Сделав шаг вперед, он ощутил руку, протянутую в поисках его руки. Но, едва коснувшись руки графа, она отдернулась, робкая, как мимоза.
Ушей принца достиг легкий возглас не то удивления, не то испуга, слабый и мелодичный, как вздох сильфа или звук эоловой арфы.
Граф вздрогнул, испытав неведомое до сих пор ощущение.
Оно было восхитительным.
— О, где же вы? — прошептал он.
— Здесь, — запнувшись, ответил голос.
— Мне сказали, что я найду здесь руку, указывающую путь, ведь сам я его не знаю. Вы отказываете мне в этой руке?
Какое-то мгновение та, к кому обращена была эта просьба, была в нерешительности, но почти тотчас ответила:
— Вот она.
Граф обеими руками схватил протянутую ему руку и хотел было поднести ее к губам, но это движение было остановлено одним-единственным словом; оно звучало просьбой, однако его нельзя было понять иначе как крик потревоженной стыдливости:
— Монсеньер!
— Простите, мадемуазель, — произнес граф столь же почтительно, как если бы разговаривал с королевой.

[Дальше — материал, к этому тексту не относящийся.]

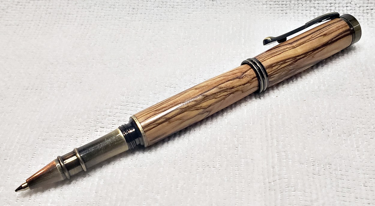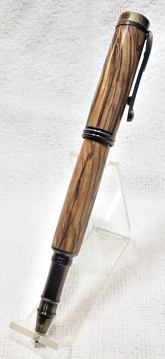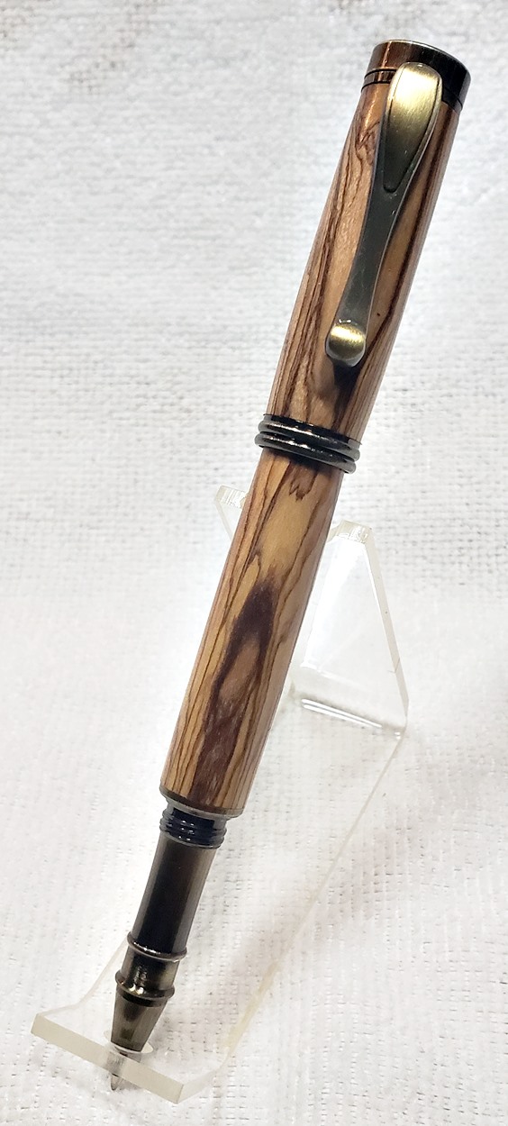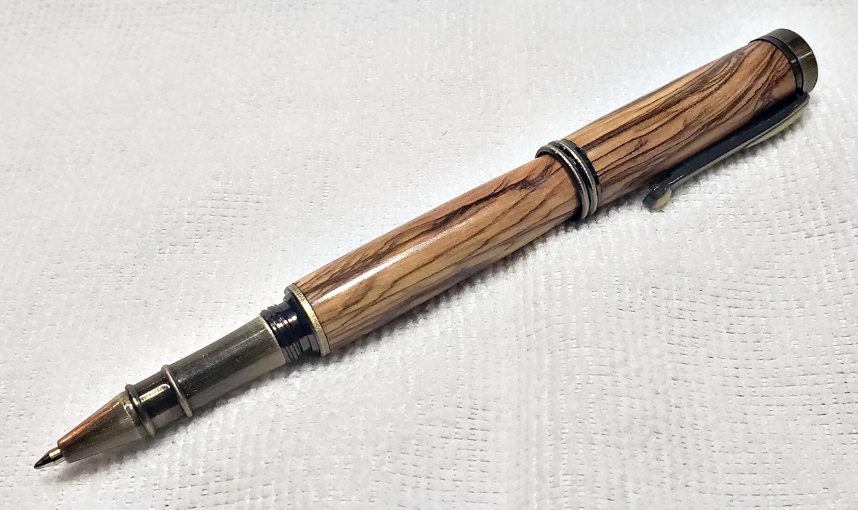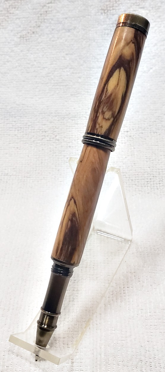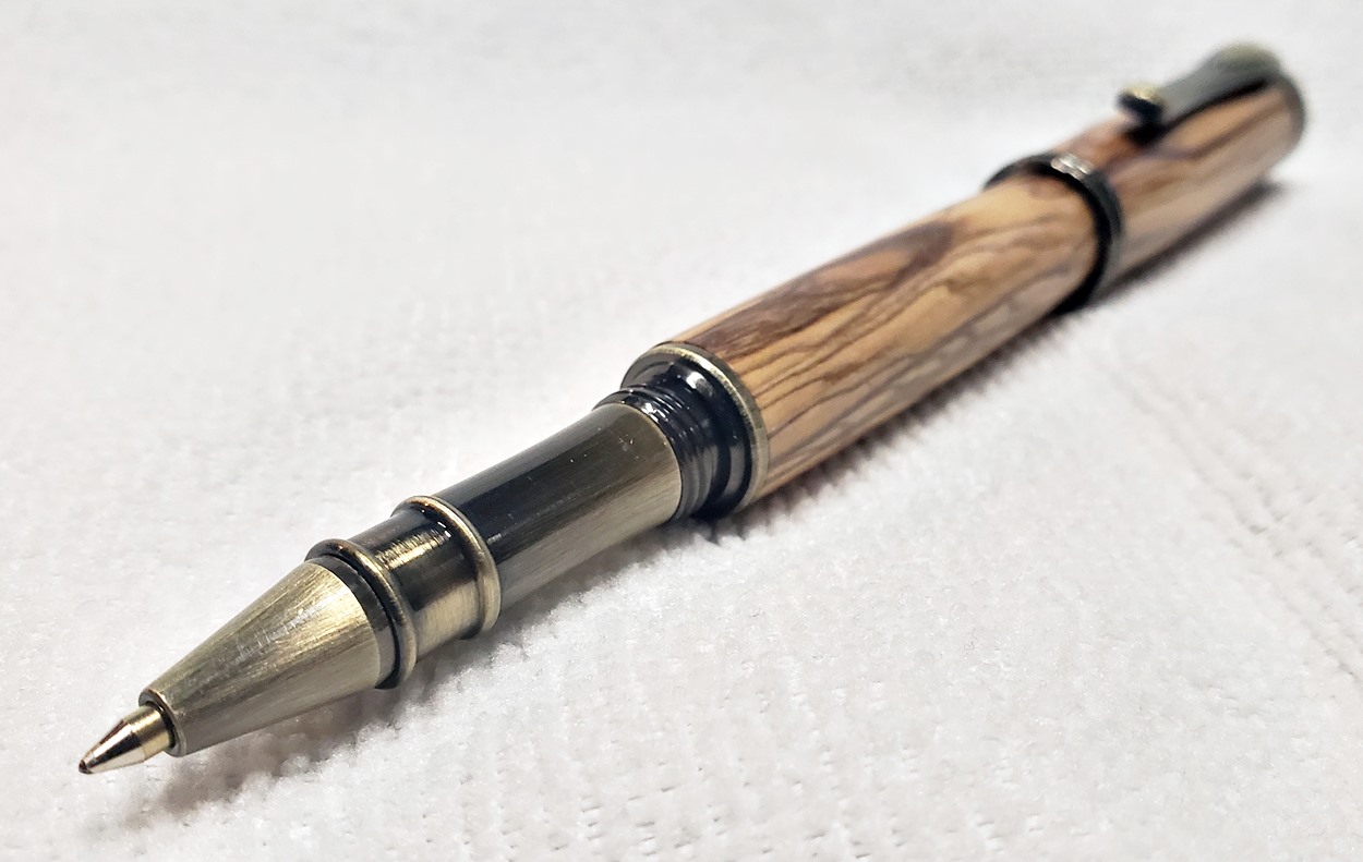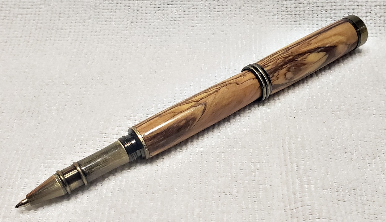 I really like this pen! It's called a Retro Rollerball, and is my first. It's from Rockler, and is relatively inexpensive at only $12. It's only available in the one finish, unfortunately, which is antique bronze. I think it would also look good in antique pewter. Regardless, I love it. It looks great with the olivewood blank. The finish is Pens Plus.

Он отвел на прежнее расстояние эту трепещущую от испуга руку, находившуюся уже на полпути к его губам; воцарилось молчание.
Граф держал поданную ему руку; ее не пытались отдернуть, но теперь она была неподвижна, и, казалось, только сила воли ее обладательницы придает ей видимость жизни.
Это была — если позволено будет воспользоваться таким выражением — совершенно немая рука.
Но эта предписанная ей немота не помешала графу заметить, что она маленькая, тонкая, нежная, продолговатая, аристократическая и главное — что это рука девушки.
Нет, уже не к губам хотел бы граф прижать эту руку, а к сердцу.
Коснувшись ее, он и сам застыл неподвижно, будто совсем забыв, что́ привело его сюда.
— Вы идете, монсеньер? — спросил нежный голос.
— Куда я должен идти? — ответил вопросом граф, не слишком понимая, что говорит.
— Туда, где ждет вас королева, к ее величеству.
— Ах, да, я и забыл! — воскликнул граф и, вздохнув, добавил: — Идемте!
И он пустился в путь — новый Тесей, ведомый по лабиринту менее сложному, но более темному, чем критский, причем не Ариадниной нитью, но самой Ариадной.
Через несколько шагов Ариадна свернула направо.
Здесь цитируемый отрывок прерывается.